Шрифт:
Интервал:
Закладка:
Михаил упал рядом с Тиче, обхватил ее, и она завыла, уткнувшись ему в грудь.
– Тиче, Тиче, любовь моя... – трясущимися губами говорил Михаил, стискивая жену. – Ты прости меня, прости... Я больше никогда тебя не покину...
А Венец, повиснув на Ничейке, который прибежал на крик, плевался кровью и клял все на свете. Ничейка приволок его к колодцу, опустил на землю и окатил водой, смывая кровь. Венец заорал и врезал Ничейке по зубам. Цепляясь за сруб, он поднялся и, скорченный, оглянулся на княжье крыльцо.
– С-сука, н-ну, сука... – шипел он. – Оморочила, стерва, приворожила...
И все ему стало ясно. Ведьма окрутила его, как дурака, лишь бы гордый князь вернулся к ней. Нету, мол, кроме тебя, княже, мне защиты... А кто ж, кроме него, московского дьяка, осмелился бы на княгиню как на простую бабу смотреть? Ох ты, жеребец безмозглый! Ах ты, тварь премудрая!.. Ведь не платок он у нее из пальцев выдирал, чтобы ей пасть заткнуть, а тряпку, которой она щель меж бревен конопатила... Выходит, все она знала: знала, что он, Венец, все разговоры в ее горнице слышит, и намеренно сказала про открытую дверь, чтобы он, кобелина, сунулся!.. Л-ладно, гадина, отплачу я тебе сполна!..
Шатаясь, Венец двинулся к воротам. Ничейка с разбитым ртом поддерживал его под мышку. Венец пер по улочкам острожка к дружинной избе на виду у всех: пусть все видят, как татарин русского человека в его же дому измордовал. Венец забрался на крыльцо, распахнул дверь в гридницу и остановился в проеме – рубаха клочьями, сам весь в крови так, что с пальцев капает. Воеводы и князь Юрий пировали, все уже изрядно пьяные, обнимались, ржали, пели песни, требовали браги, ковшей, закуски. Но едва Венец молча встал в двери, голоса постепенно затихли.
– Пируешь, княже?.. – хрипло спросил Венец. – А у меня на чужом пиру похмелье...
На следующий день князя Михаила рано утром разбудил посыльный от князя Юрия. С тяжелой душой Михаил пошагал к дружинному дому. Во дворе царила суета: седлали напоенных коней, снаряжались. В телеге на мешках храпел с ночи пьяный дьяк Данила Венец. Михаил поднялся в дом. В пустой гриднице за неубранным столом сидел князь Юрий – в кольчуге, в шлеме, в наручах и поножах, сам еще желтее, чем вчера. Он хмуро поигрывал бунчуком на рукояти сабли.
– Чего ты, князь, вдруг в путь засобирался? – спросил Михаил.
– Испужался, – глядя в угол, ответил Юрий. – Коли в твоем дому безродный татарин московского дьяка плетью охаживает, так, боюсь, и меня ты ни с того ни с сего вилами в бок разбудишь.

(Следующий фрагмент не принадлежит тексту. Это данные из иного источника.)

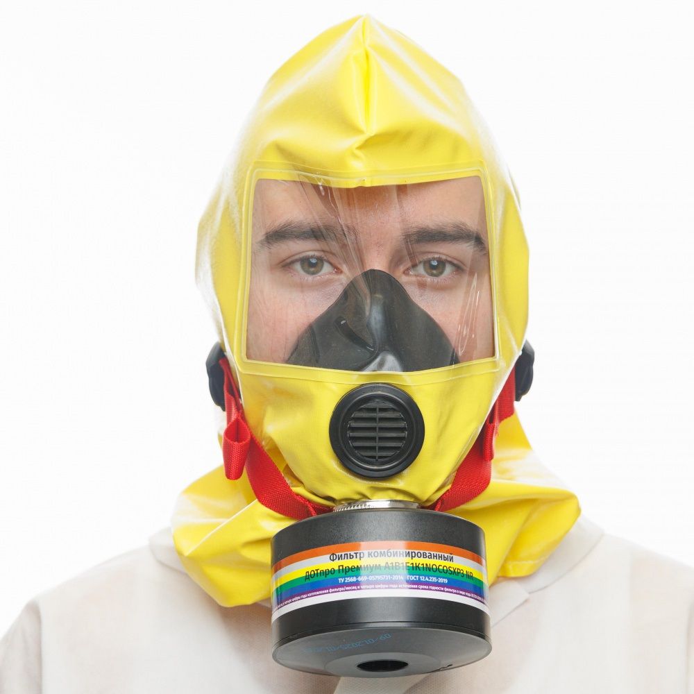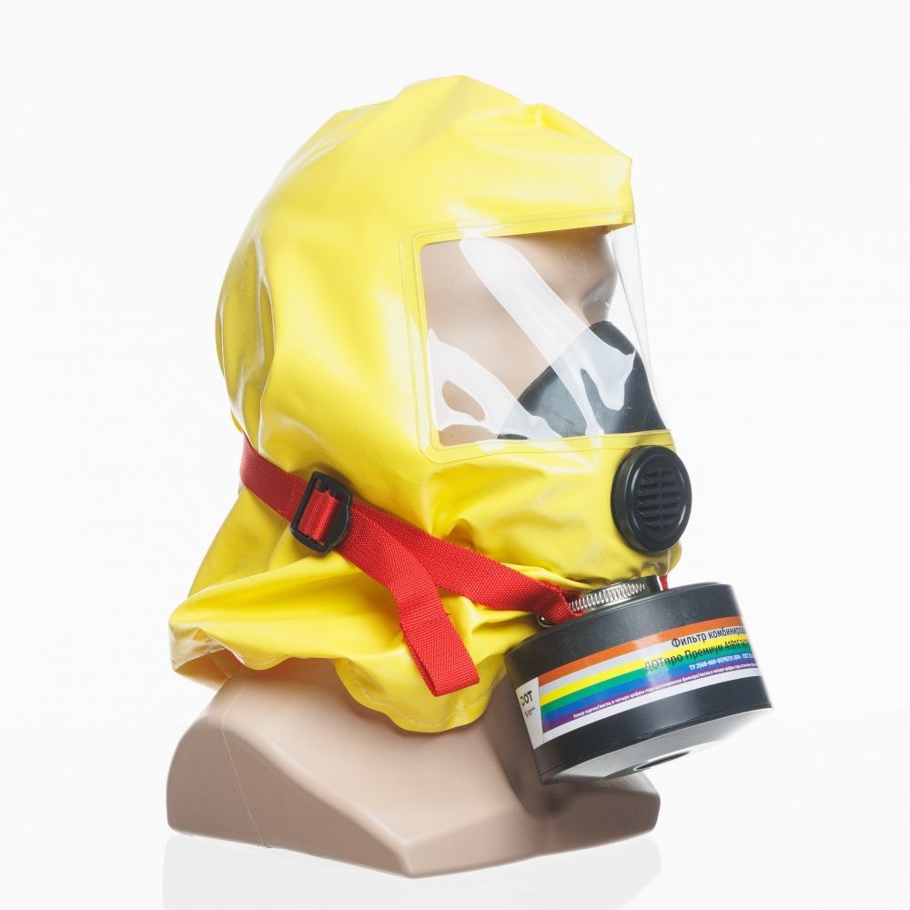 Самоспасатель ГДЗК-У Премиум состоит из огнестойкого капюшона со смотровым окном, капюшон герметично соединен с подмасочником, на котором закреплены узел клапана выдоха и комбинированный фильтр марки А1В2Е2К2HgNOCOSXP3D.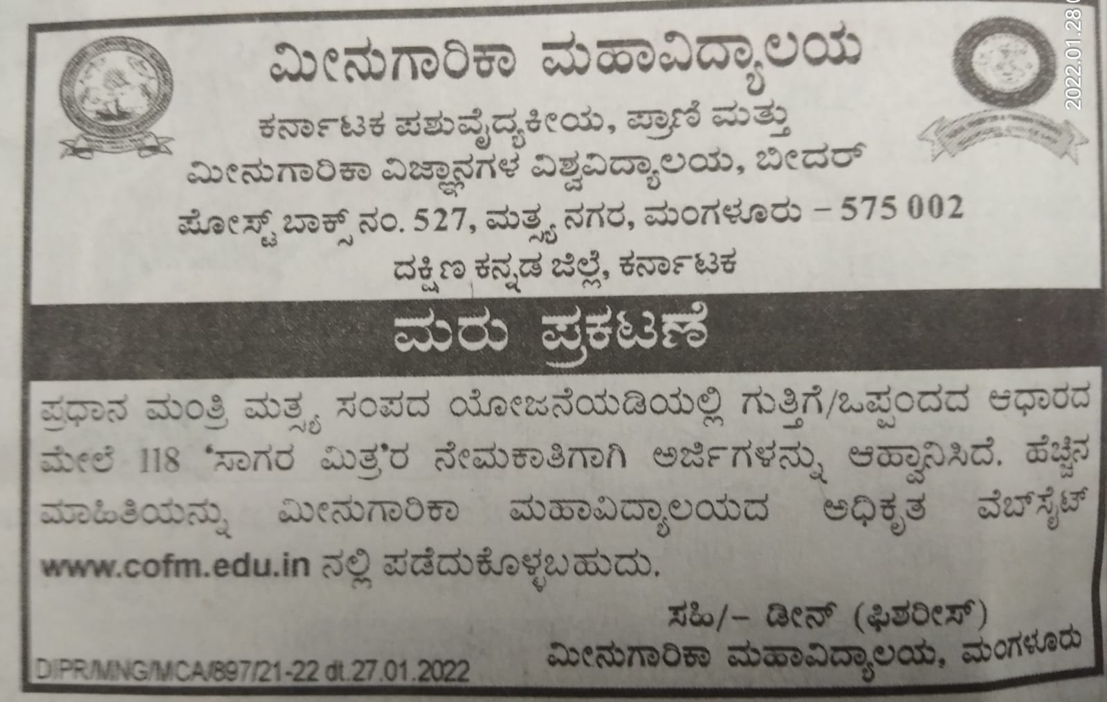 ಪ್ರಧಾನಮಂತ್ರಿ ಮತ್ಸ್ಯ ಸಂಪದ ಯೋಜನೆಯಡಿಯಲ್ಲಿ ಗುತ್ತಿಗೆ / ಒಪ್ಪಂದದ ಆಧಾರದ ಮೇಲೆ 118 ‘ ಸಾಗರ ಮಿತ್ರ’ ರ ನೇಮಕಾತಿಗಾಗಿ ಅರ್ಜಿಗಳನ್ನು ಆಹ್ವಾನಿಸಿದೆ.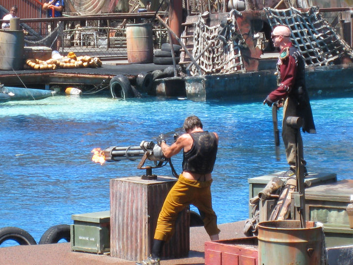 Waterworld lavasteet. Ja välillä ammutaan.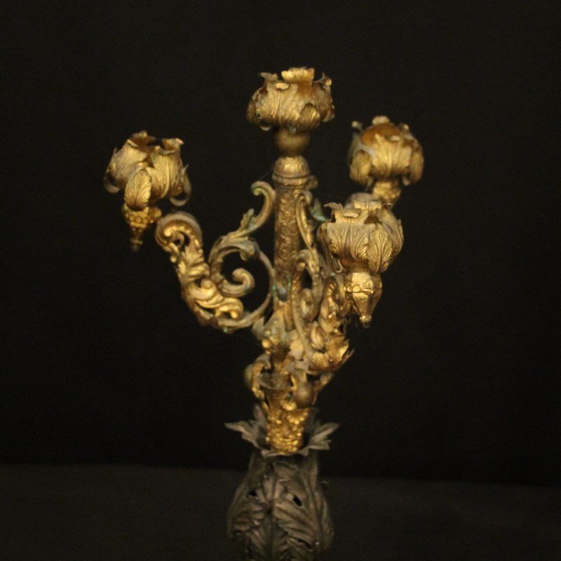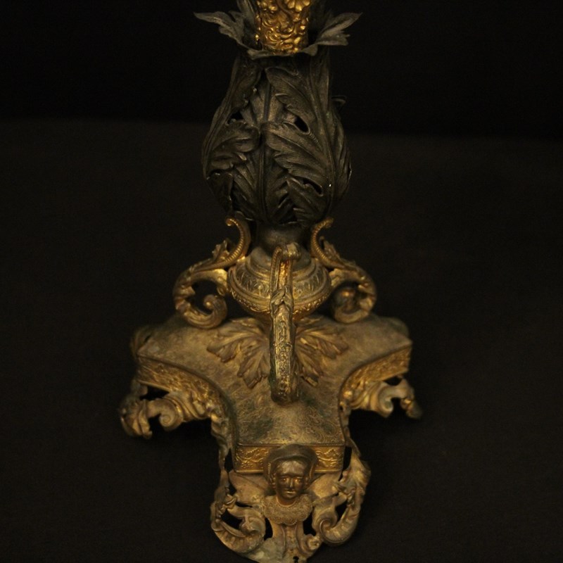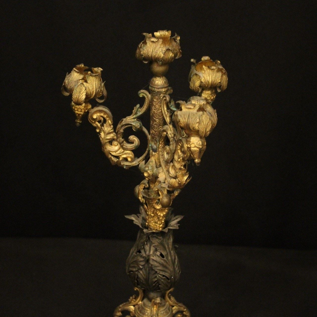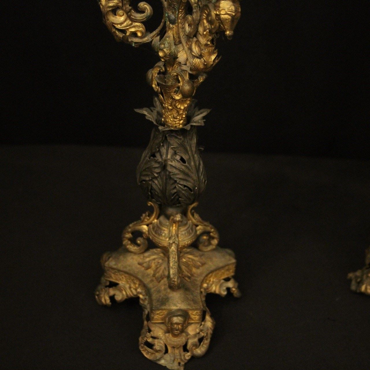 A nice French pair of gilded repousse brass and bronze triple light antique candelabra, the three leaf scrolling arms with leaf bobeche drip pans and candle sconces, issuing from a repousse bronze and brass column with tripart base with ornate heads, nice original gilded patination. For candle use only.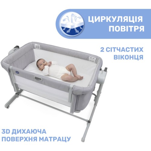 • Сітчасті вставки на боковинах та 3D-сітчастий чохол на матрацик забезпечують оптимальну циркуляцію повітря в ліжечку.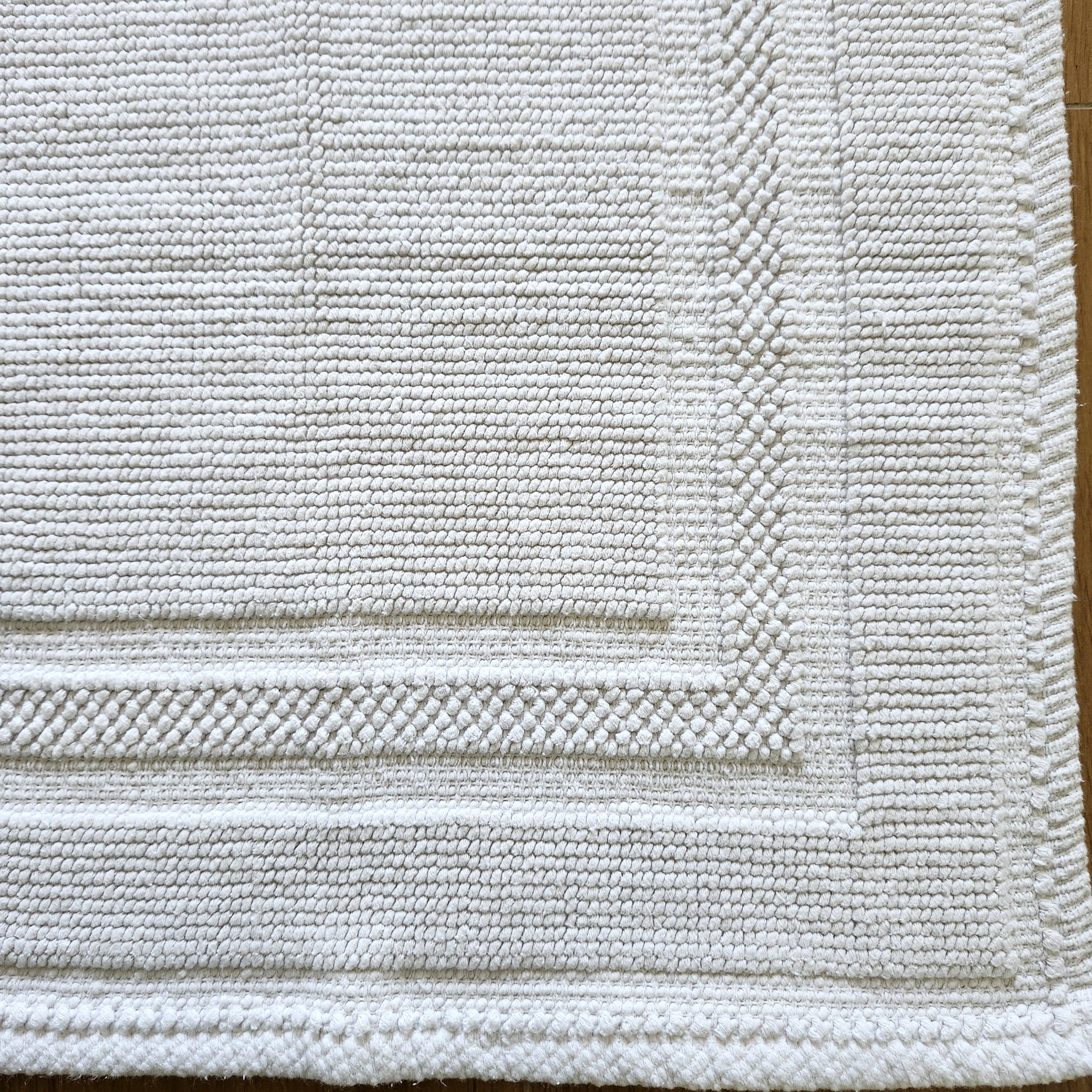 We've been looking for a while for a stylish but practical bath mat or bath rug. Soft and absorbent, 100% stonewashed cotton for a chic, natural look, and with a comfortable looped weave in an elegant design, this ticks all our boxes.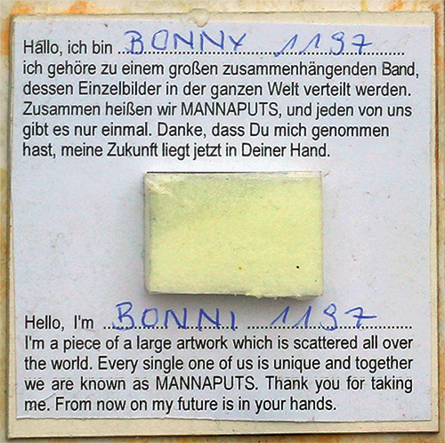 und jeder der sie findet wird durch den Text aufgefordert sie mitzunehmen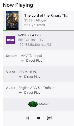 Solution bardmaster 17 Posted September 30, 2024 Author Solution Posted September 30, 2024 18 hours ago, speechles said: During playback if you use the "Attempt Playback Correction" button found under the cog/gear it should allow you to change streams. It will remux and copy all the streams, but change the container from MKV. The problem you have is the Roku does not like how that MKV was packaged. It has things in the streams that it cannot understand like those chapters at the end which cause it to make selection of audio streams and subtitles difficult during direct play. If using playback correction solves the problem you can probably fix this by using MKVToolNix Gui and copying all the streams into a new MKV container Also, keep in mind that ASS/SSA subs on Roku are "technically" not supported. They will be stripped of all markup and reduced down to just text and fed to the SRT renderer. Sometimes this stripping removes everything and breaks the subtitle from showing at all. The best way to display ASS/SSA subs on Roku is by burning them in. You can also download an external SRT for this file and solve the problem immediately. External SRT are not part of the problem MKV container and will always work. Thanks for the quick response @speechles During playback if you use the "Attempt Playback Correction" button found under the cog/gear it should allow you to change streams: tried that, works sometimes but not consistently for me. In fact, since the last server update this doesn't seem to work at all. If using playback correction solves the problem you can probably fix this by using MKVToolNix Gui and copying all the streams into a new MKV container: curious idea, tried it just for kicks and made no difference. The best way to display ASS/SSA subs on Roku is by burning them in: Yes this works fine if I burn in the Forced (foreign) subs using Handbrake; essentially this text ends up being hidden behind the full sub when I manually switch to it (if the full sub also has foreign parts; if not then the burned-in text still shows). The "Burn in SSA Subtitles" in Emby-for-Roku settings causes horrible playback stuttering so I don't use it. You can also download an external SRT for this file and solve the problem immediately: yes, I had done that and confirmed it works great, but I have not gotten the auto-download from Open Subtitles to work consistently and doing this manually adds a lot more time and effort. My final approach: Burn in the foreign subs during encoding, and keep the full embedded SSA/ASS subs for manual use when needed. This will at least be my approach until somebody volunteers to write Handbrake code that would add subtitle encoding options besides SSA/ASS. Thank you! Brad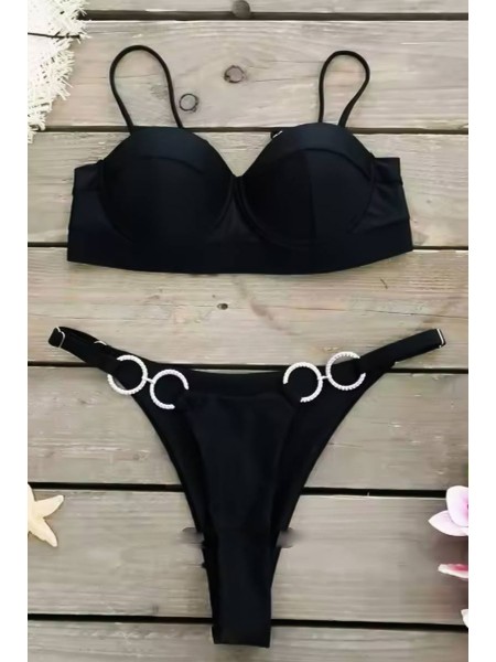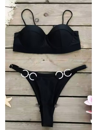 Чорний жіночий купальник push-up 3D бразиліана на зав'язках АнжелікаЖіночий яскравий купальник з pus..

Михаил смолчал, сел на другую скамью, локтем отодвинув со стола объедки и посуду.
– Скажи-ка мне, брат, прямо, – начал Юрий. – Идешь ты со мной на Казань или нет?
Михаил вздохнул, расправил усы.
– Не с кем, – ответил он. – В прошлом году две сотни человек за горами оставил... Дружина моя сплошь из молодых, их еще учить надо. Над дружинами пермяцких князей я не властен. А ополчения весной ни у русских, ни у пермяков не соберешь. Пахотные землю поднимают. Солевары только-только колодцы разморозили. Рыбаки за нерестом пошли, путина. Пастухи оленей погнали на свежую траву. У охотников после гона самое дело началось. За зиму все наголодались, истрепались... Не забывай еще, что и пелымцы ждут часа с нами сквитаться.
– Эвон у тебя сколько отговорок, – хмыкнул князь Юрий. – А покороче сказать можешь?
– Могу, – согласился Михаил. – Не пойду я на Казань. Не хочу.
Князь Юрий бросил бунчук и стал натягивать рукавицы.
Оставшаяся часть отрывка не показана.